*Exercise*:
Only the pictures should be left out; write out all other data exactly.

*Information shown*:
"""

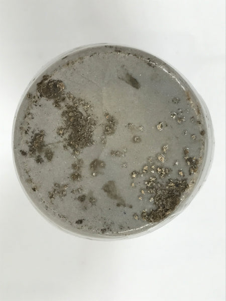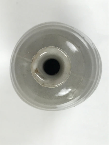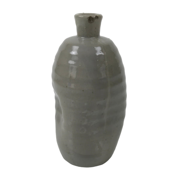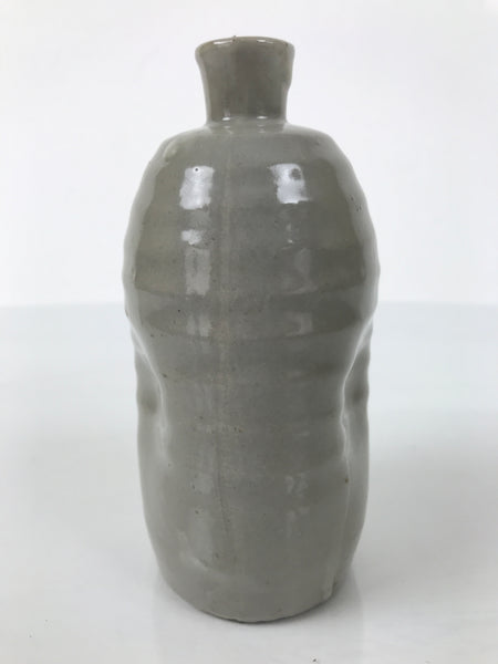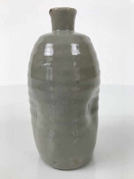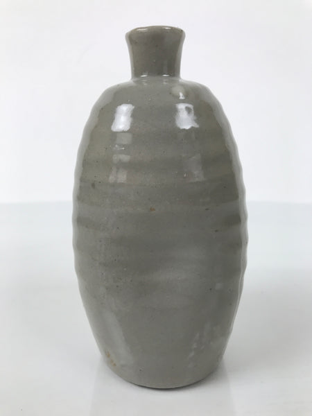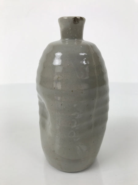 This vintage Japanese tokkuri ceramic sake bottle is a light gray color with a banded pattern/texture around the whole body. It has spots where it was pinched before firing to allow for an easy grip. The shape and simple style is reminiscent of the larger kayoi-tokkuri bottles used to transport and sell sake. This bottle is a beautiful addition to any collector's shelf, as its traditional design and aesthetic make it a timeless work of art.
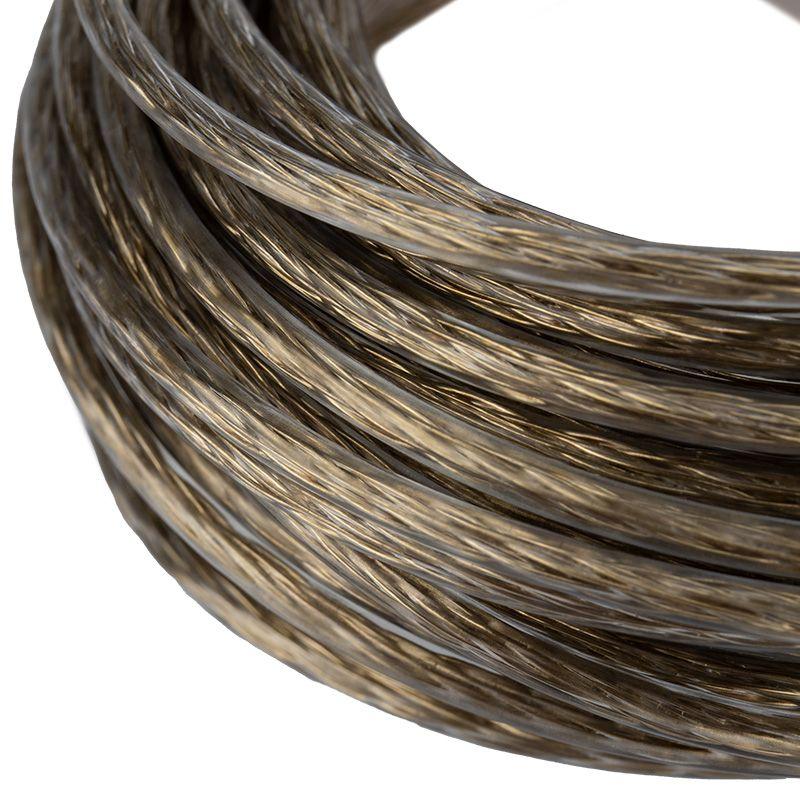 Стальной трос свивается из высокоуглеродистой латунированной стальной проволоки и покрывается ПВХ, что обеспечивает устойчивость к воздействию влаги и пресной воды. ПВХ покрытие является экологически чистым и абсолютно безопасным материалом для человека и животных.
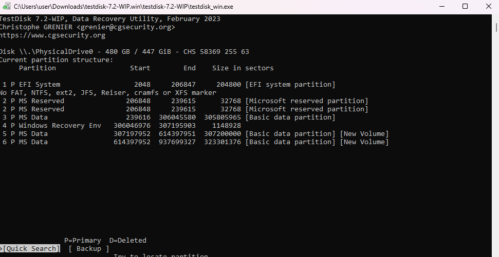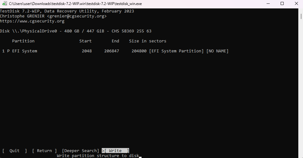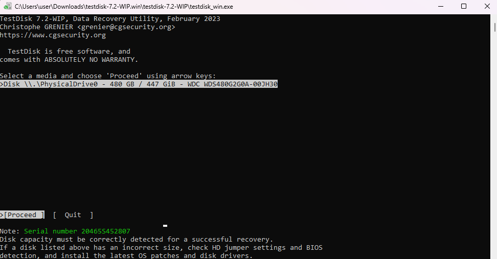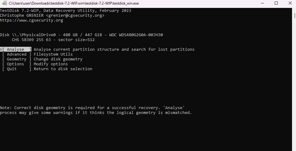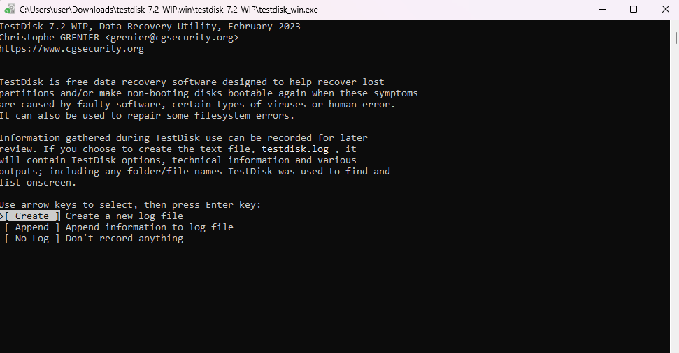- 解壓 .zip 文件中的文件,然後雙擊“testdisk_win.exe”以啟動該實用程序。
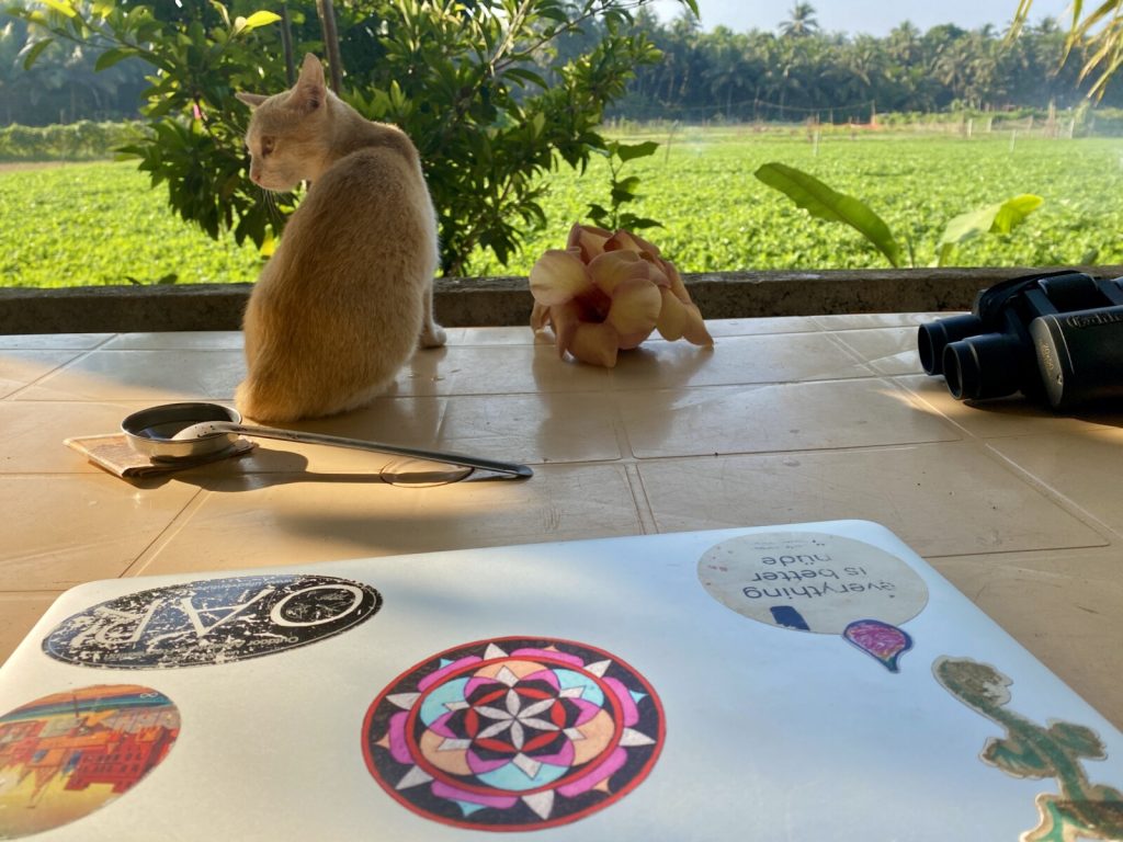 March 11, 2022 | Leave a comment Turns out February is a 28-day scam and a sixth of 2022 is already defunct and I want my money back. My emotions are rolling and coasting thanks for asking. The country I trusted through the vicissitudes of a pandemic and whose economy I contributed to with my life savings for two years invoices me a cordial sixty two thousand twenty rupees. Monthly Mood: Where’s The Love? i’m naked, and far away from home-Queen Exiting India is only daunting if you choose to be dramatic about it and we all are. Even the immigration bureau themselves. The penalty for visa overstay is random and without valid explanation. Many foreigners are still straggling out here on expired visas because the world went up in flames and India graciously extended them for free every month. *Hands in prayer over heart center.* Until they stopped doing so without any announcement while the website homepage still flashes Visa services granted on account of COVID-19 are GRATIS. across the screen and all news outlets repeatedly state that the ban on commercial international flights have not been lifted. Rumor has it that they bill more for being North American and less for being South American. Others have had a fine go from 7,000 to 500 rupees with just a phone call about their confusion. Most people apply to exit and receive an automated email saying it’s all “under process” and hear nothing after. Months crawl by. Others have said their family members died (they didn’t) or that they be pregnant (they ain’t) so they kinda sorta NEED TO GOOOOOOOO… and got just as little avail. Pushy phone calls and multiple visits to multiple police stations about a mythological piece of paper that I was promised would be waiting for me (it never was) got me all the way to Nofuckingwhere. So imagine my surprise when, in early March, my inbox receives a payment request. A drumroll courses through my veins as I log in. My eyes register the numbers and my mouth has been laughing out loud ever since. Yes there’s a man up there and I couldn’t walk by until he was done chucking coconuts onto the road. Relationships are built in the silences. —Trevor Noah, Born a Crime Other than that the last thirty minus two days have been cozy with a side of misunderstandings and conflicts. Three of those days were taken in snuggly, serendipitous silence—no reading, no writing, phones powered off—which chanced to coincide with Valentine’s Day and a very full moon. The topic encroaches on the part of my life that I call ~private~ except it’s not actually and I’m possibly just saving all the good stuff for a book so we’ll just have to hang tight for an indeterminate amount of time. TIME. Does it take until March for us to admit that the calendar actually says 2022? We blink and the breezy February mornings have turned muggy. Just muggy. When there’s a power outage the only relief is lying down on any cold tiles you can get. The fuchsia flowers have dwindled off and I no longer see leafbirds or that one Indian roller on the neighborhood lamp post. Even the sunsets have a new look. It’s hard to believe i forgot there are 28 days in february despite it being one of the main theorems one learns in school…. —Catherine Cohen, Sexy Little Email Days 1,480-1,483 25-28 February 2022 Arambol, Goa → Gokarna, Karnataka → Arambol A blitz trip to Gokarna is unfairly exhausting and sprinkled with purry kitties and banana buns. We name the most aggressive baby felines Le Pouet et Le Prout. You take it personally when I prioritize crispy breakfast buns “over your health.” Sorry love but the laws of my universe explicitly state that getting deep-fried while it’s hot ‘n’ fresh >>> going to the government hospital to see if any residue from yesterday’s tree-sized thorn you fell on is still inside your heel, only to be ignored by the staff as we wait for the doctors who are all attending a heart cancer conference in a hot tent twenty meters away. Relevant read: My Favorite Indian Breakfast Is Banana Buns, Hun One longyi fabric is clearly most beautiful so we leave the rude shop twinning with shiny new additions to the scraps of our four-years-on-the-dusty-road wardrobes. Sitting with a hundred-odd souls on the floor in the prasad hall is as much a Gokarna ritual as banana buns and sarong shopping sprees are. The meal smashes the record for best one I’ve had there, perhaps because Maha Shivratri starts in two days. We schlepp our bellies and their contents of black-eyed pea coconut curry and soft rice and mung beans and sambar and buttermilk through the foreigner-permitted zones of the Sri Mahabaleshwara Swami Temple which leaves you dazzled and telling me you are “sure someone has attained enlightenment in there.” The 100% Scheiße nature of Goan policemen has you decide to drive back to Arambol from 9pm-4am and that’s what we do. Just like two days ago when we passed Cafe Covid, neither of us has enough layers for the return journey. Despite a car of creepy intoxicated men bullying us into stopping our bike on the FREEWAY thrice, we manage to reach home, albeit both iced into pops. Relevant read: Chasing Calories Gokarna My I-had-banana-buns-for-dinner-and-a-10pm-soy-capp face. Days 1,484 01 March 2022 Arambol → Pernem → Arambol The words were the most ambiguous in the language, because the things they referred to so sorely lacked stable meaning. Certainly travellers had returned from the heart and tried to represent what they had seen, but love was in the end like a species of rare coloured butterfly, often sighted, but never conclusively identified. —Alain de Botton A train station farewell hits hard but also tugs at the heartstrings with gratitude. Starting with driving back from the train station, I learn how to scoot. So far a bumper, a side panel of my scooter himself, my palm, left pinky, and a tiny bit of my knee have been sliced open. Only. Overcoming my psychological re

"""

*Response for this exercise*:
 This vintage Japanese tokkuri ceramic sake bottle is a light gray color with a banded pattern/texture around the whole body. It has spots where it was pinched before firing to allow for an easy grip. The shape and simple style is reminiscent of the larger kayoi-tokkuri bottles used to transport and sell sake. This bottle is a beautiful addition to any collector's shelf, as its traditional design and aesthetic make it a timeless work of art.
 Стальной трос свивается из высокоуглеродистой латунированной стальной проволоки и покрывается ПВХ, что обеспечивает устойчивость к воздействию влаги и пресной воды. ПВХ покрытие является экологически чистым и абсолютно безопасным материалом для человека и животных.
- 解壓 .zip 文件中的文件,然後雙擊“testdisk_win.exe”以啟動該實用程序。
 March 11, 2022 | Leave a comment Turns out February is a 28-day scam and a sixth of 2022 is already defunct and I want my money back. My emotions are rolling and coasting thanks for asking. The country I trusted through the vicissitudes of a pandemic and whose economy I contributed to with my life savings for two years invoices me a cordial sixty two thousand twenty rupees. Monthly Mood: Where’s The Love? i’m naked, and far away from home-Queen Exiting India is only daunting if you choose to be dramatic about it and we all are. Even the immigration bureau themselves. The penalty for visa overstay is random and without valid explanation. Many foreigners are still straggling out here on expired visas because the world went up in flames and India graciously extended them for free every month. *Hands in prayer over heart center.* Until they stopped doing so without any announcement while the website homepage still flashes Visa services granted on account of COVID-19 are GRATIS. across the screen and all news outlets repeatedly state that the ban on commercial international flights have not been lifted. Rumor has it that they bill more for being North American and less for being South American. Others have had a fine go from 7,000 to 500 rupees with just a phone call about their confusion. Most people apply to exit and receive an automated email saying it’s all “under process” and hear nothing after. Months crawl by. Others have said their family members died (they didn’t) or that they be pregnant (they ain’t) so they kinda sorta NEED TO GOOOOOOOO… and got just as little avail. Pushy phone calls and multiple visits to multiple police stations about a mythological piece of paper that I was promised would be waiting for me (it never was) got me all the way to Nofuckingwhere. So imagine my surprise when, in early March, my inbox receives a payment request. A drumroll courses through my veins as I log in. My eyes register the numbers and my mouth has been laughing out loud ever since. Yes there’s a man up there and I couldn’t walk by until he was done chucking coconuts onto the road. Relationships are built in the silences. —Trevor Noah, Born a Crime Other than that the last thirty minus two days have been cozy with a side of misunderstandings and conflicts. Three of those days were taken in snuggly, serendipitous silence—no reading, no writing, phones powered off—which chanced to coincide with Valentine’s Day and a very full moon. The topic encroaches on the part of my life that I call ~private~ except it’s not actually and I’m possibly just saving all the good stuff for a book so we’ll just have to hang tight for an indeterminate amount of time. TIME. Does it take until March for us to admit that the calendar actually says 2022? We blink and the breezy February mornings have turned muggy. Just muggy. When there’s a power outage the only relief is lying down on any cold tiles you can get. The fuchsia flowers have dwindled off and I no longer see leafbirds or that one Indian roller on the neighborhood lamp post. Even the sunsets have a new look. It’s hard to believe i forgot there are 28 days in february despite it being one of the main theorems one learns in school…. —Catherine Cohen, Sexy Little Email Days 1,480-1,483 25-28 February 2022 Arambol, Goa → Gokarna, Karnataka → Arambol A blitz trip to Gokarna is unfairly exhausting and sprinkled with purry kitties and banana buns. We name the most aggressive baby felines Le Pouet et Le Prout. You take it personally when I prioritize crispy breakfast buns “over your health.” Sorry love but the laws of my universe explicitly state that getting deep-fried while it’s hot ‘n’ fresh >>> going to the government hospital to see if any residue from yesterday’s tree-sized thorn you fell on is still inside your heel, only to be ignored by the staff as we wait for the doctors who are all attending a heart cancer conference in a hot tent twenty meters away. Relevant read: My Favorite Indian Breakfast Is Banana Buns, Hun One longyi fabric is clearly most beautiful so we leave the rude shop twinning with shiny new additions to the scraps of our four-years-on-the-dusty-road wardrobes. Sitting with a hundred-odd souls on the floor in the prasad hall is as much a Gokarna ritual as banana buns and sarong shopping sprees are. The meal smashes the record for best one I’ve had there, perhaps because Maha Shivratri starts in two days. We schlepp our bellies and their contents of black-eyed pea coconut curry and soft rice and mung beans and sambar and buttermilk through the foreigner-permitted zones of the Sri Mahabaleshwara Swami Temple which leaves you dazzled and telling me you are “sure someone has attained enlightenment in there.” The 100% Scheiße nature of Goan policemen has you decide to drive back to Arambol from 9pm-4am and that’s what we do. Just like two days ago when we passed Cafe Covid, neither of us has enough layers for the return journey. Despite a car of creepy intoxicated men bullying us into stopping our bike on the FREEWAY thrice, we manage to reach home, albeit both iced into pops. Relevant read: Chasing Calories Gokarna My I-had-banana-buns-for-dinner-and-a-10pm-soy-capp face. Days 1,484 01 March 2022 Arambol → Pernem → Arambol The words were the most ambiguous in the language, because the things they referred to so sorely lacked stable meaning. Certainly travellers had returned from the heart and tried to represent what they had seen, but love was in the end like a species of rare coloured butterfly, often sighted, but never conclusively identified. —Alain de Botton A train station farewell hits hard but also tugs at the heartstrings with gratitude. Starting with driving back from the train station, I learn how to scoot. So far a bumper, a side panel of my scooter himself, my palm, left pinky, and a tiny bit of my knee have been sliced open. Only. Overcoming my psychological re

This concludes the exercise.